We analysed Oligochaeta, Amphipoda (Gammarus fossarum), Ephemeroptera (Baetidae) and Diptera (Chironomidae and Simuliidae), as the most numerous taxa found on the artificial substrates. Gammarus fossarum and Baetidae are good migrators (upstream and lateral) and prefer moss habitats.51,56,57 Furthermore, comparing the colonisation of certain groups that were most abundant in the most samples gave interesting and unexpected information. According to the literature, photoperiod has a positive effect on the reproductive cycle of macroinvertebrates.5860 Specimens of Oligochaeta and Gammarus fossarum were more numerous on substrates in the open canopy area, indicating that they choose habitats with more light.59,61 Juvenile Baetidae and Simuliidae colonised artificial substrates in the closed canopy area of the stream more (up to four times more) than in the open canopy area. We assume the reason for this is a preference toward a darker environment as protection from visual predators (fish and amphibians), which are the dominant predators in this stream because of their small body size. The closed and open canopy reaches were connected, and thus if the abundance of Baetidae mayfly was lower in the open canopy reach, populations in the closed canopy reach could be regarded as source populations that enhance colonisation of the taxa in open canopy habitats. Chironomidae were equally numerous on substrates in both the open and closed canopy areas. Although photoperiod has an influence on the Diptera life cycle and they prefer open canopy areas, Chironomidae and Simuliidae (at least several species within the families) are good colonisers and can adapt to the most suitable habitats.8,17,60,62

Macroinvertebrates were numerous on the substrates collected in the morning (two to three times more) because they are more active during the night when feeding than during the day when hiding from potential predators.63,64

The population of Baetidae increased continuously on substrates in open and closed canopy areas, presumably for better protection of juvenile individuals and frequent swimming to find a favourable habitat for life. 64 Previous research has confirmed that shallow sediment often acts as a nursery habitat and protection from unfavourable situations for early life stages.18,65 Multiple comparison of means analysis also confirmed a higher number of Baetidae on substrates during the night. By the end of the study, representatives of Gammarus fossarum and Baetidae reached their maximum on substrates in closed canopy areas. The opposite situation was noted with Chironomidae and Simuliidae, whose numbers decreased with time. Presumably, the reason is the constant migration of individuals and the lookout for more favourable living conditions.64,66 Chironomidae are good colonisers because of their small body size and short life cycle. 67 Although multiple comparison of means of Chironomidae and Simuliidae did not confirm a statistically significant difference, the colonisation dynamics clearly showed higher values during the night.

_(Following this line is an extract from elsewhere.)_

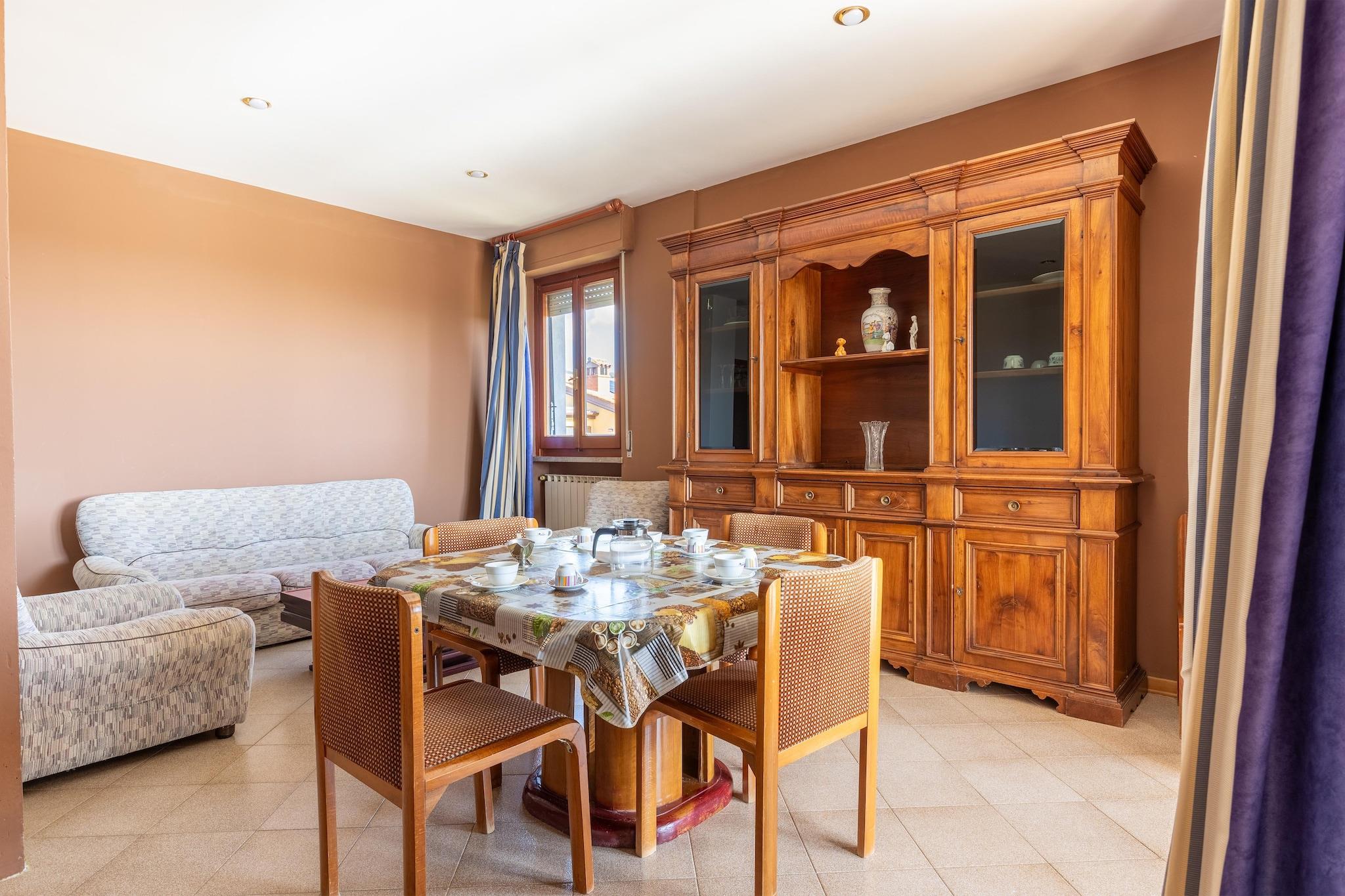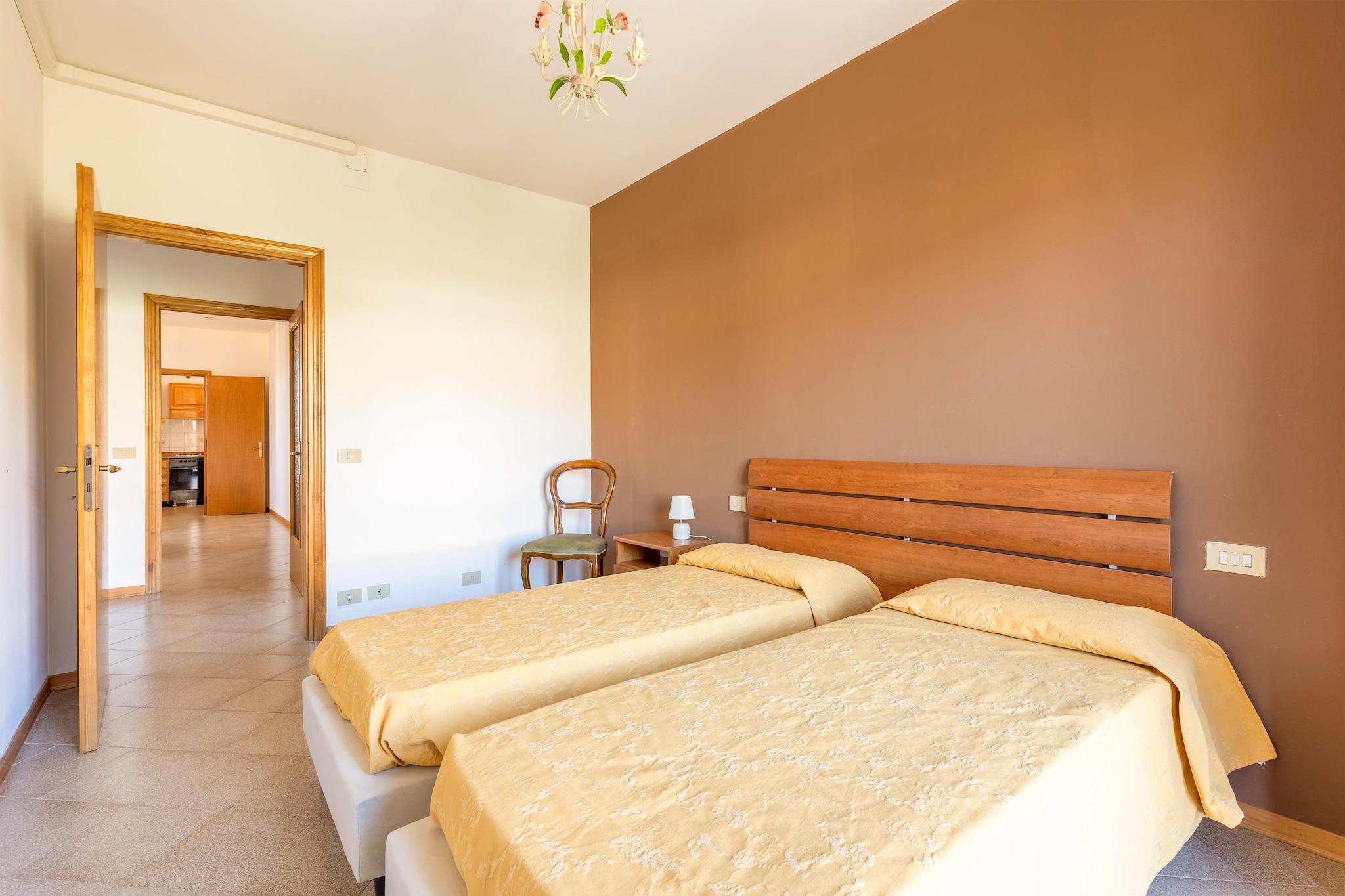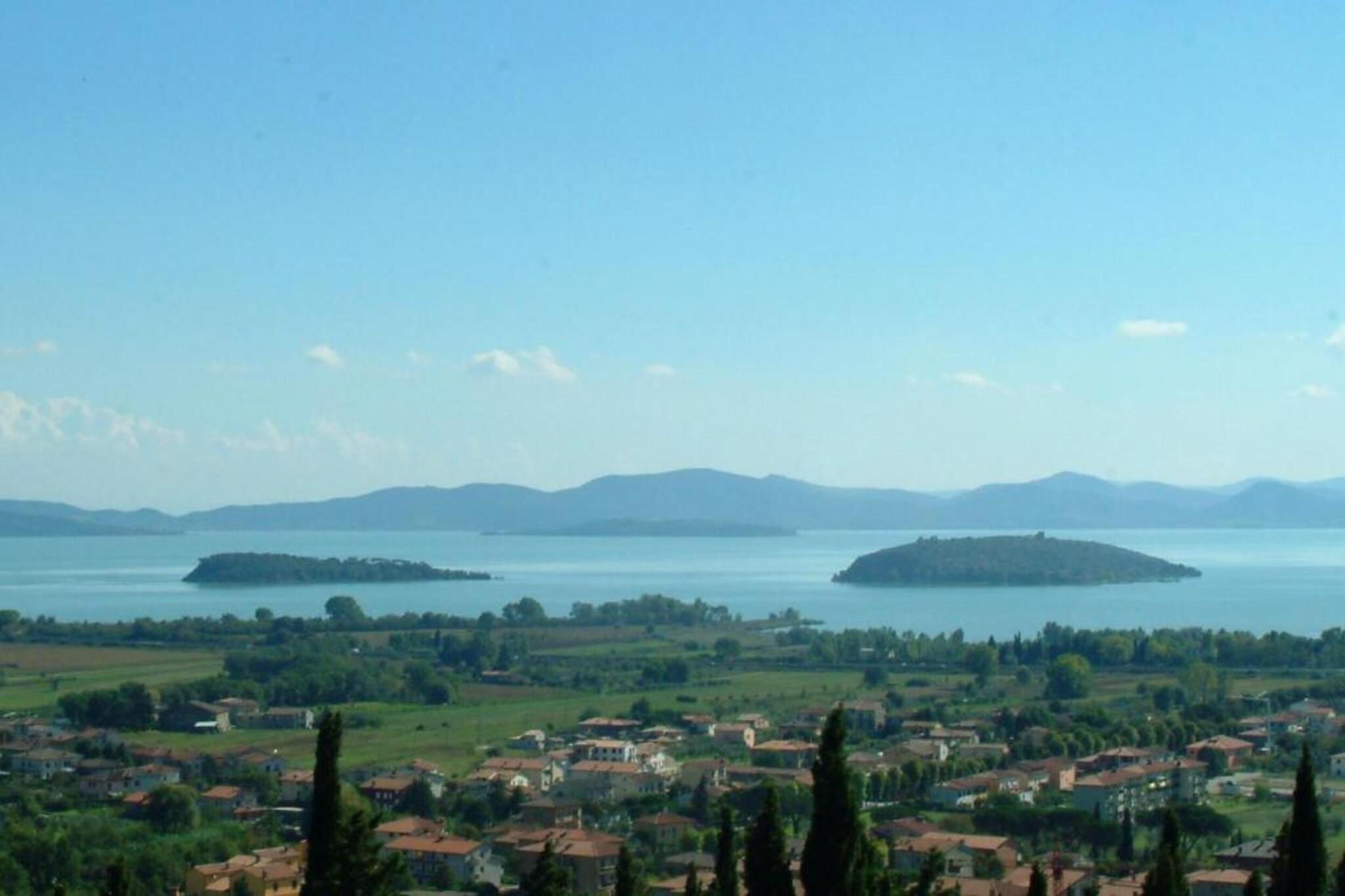 Denne kjæledyrvennlige leiligheten ligger i den sjarmerende byen Tuoro sul Trasimeno, og tilbyr et komfortabelt tilfluktssted for opptil seks gjester. Første etasje har en romslig stue og spisestue med dobbel sovesofa, noe som skaper et avslappende sted å slappe av. Et fullt utstyrt kjøkken – inkludert komfyr, kaffemaskin, stekeovn og kjøleskap med fryser, gir alt som trengs for enkel tilberedning av måltider. To koselige soverom – ett med dobbeltseng og et annet med fleksibelt oppsett av enten en dobbeltseng eller to enkeltsenger, sørger for avslappende netter. Det moderne badet, komplett med dusj, servant, toalett og bidet, legger til bekvemmelighet, mens et separat vaskerom med vaskerom gjør lange opphold sømløse. Gå ut på den private terrassen, perfekt for å nyte frisk luft og naturskjønne omgivelser. Den felles hagen, møblert med uteservering, inviterer gjestene til å sole seg, mens svømmebassenget (åpent mai til september) tilbyr en forfriskende tilflukt. For trening og underholdning inkluderer leiligheten et lekerom og treningsrom, ideelt for å holde seg aktiv. Lago Trasimeno ligger bare 1 km unna, og tilbyr sandstrender og fantastisk utsikt over innsjøen, hvor gjestene kan nyte bading, båtliv og bespisning ved vannet. For eventyrelskere er sykkelutleie tilgjengelig 300 meter unna, og et ridesenter ligger bare 800 meter fra eiendommen. Tennisentusiaster kan benytte seg av nærliggende baner kun 100 meter unna. Lokale smaker er bare en kort spasertur unna, med restauranter kun 300 meter fra leiligheten som serverer autentisk toskansk mat. Gjestene kan også utforske den rike kulturarven til nærliggende destinasjoner som Siena, Assisi, Cortona og Arezzo, hver innen en times kjøring. Enten du nyter fine italienske retter, legger ut på utendørseventyr eller slapper av ved bassenget, er denne leiligheten den perfekte blandingen av fritid og oppdagelse.
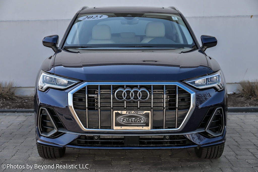 Blue 2023 Audi Q3 Premium Plus S Line quattro quattro 8-Speed Automatic with Tiptronic 2.0L 4-Cylinder TFSI, 12.3 Audi Virtual Cockpit Plus Screen, Adaptive Cruise Assist w/Lane Guidance, Alarm w/Motion Sensor, Alexa Integration, Audi Advanced Key, Audi Connect PLUS, Audi MMI Navigation Plus, Auto-Dimming Power-Folding Exterior Mirrors, Convenience Package, Driver Seat Memory, Frameless Auto-Dimming Interior Mirror w/Compass, LED Interior Lighting Package, LED Interior Lighting Plus Package, Premium Plus Package, SiriusXM w/360L, Sonos Premium Sound System w/3D Sound, Stainless Steel Trunk Sill, Technology Package, Top View Camera System, Traffic Sign Recognition, Wheels: 19 5-Double-Spoke Dynamic Design, Wireless Apple CarPlay/Android Auto, Wireless Phone Charging Pad.

The number of Oligochaeta was higher on substrates during the night,68,69 as like Baetidae, they take shelter from predators during the night and come out to feed during the day.18,33

We concluded that all the analysed groups were successful at colonising the artificial substrates as seen by the abundances found on the natural substrates. All analysed groups reach an equilibrium in the open canopy area after only 12 h of substrate exposure. In the closed canopy area, all taxa reached equilibrium after 12 h of substrate exposure, with the exception of Gammarus fossarum, which needed 84 h. The new substrate, though artificial, was a favourable new habitat and food source for macroinvertebrates. The large numbers of Chironomidae and Simuliidae point to the increased, mostly passive mobility of these organisms, which is enabled by their small, non-chitinous and wormlike body, as noted elsewhere.28,64 As mentioned before, these taxa are rheophilic and are often found in drift, enabling their spread to new areas.16,23

During this four-day study at the spring area of the Jankovac stream, nearly all groups of macroinvertebrates found on natural substrates were also found on the artificial substrates. Macroinvertebrates showed a colonisation dynamic with expressed day-night migrations, indicating the importance of considering the time of day in community composition research. The type of artificial substrates used proved to be good for macroinvertebrate colonisation and displayed that all the analysed groups were excellent champion colonisers. To get a more complete picture of migration and macroinvertebrate colonisation, this research should be continued. More individuals of all analysed groups were recorded in samples collected in the morning, indicating higher nocturnal activity, while during the day, they take shelter as protection from predatory pressures. All analysed groups proved to be very good champion colonisers. These findings can lead to applicable conclusions, such as minimising riparian vegetation management and similar human impacts that could alter canopy coverage of the spring areas, especially due to their high biodiversity in small areas.

Author biographies

Denis Bućan is a PhD student at the Croatian Natural History Museum. His expertise in Freshwater ecology focusing on recovery processes of macroinvertebrate communities.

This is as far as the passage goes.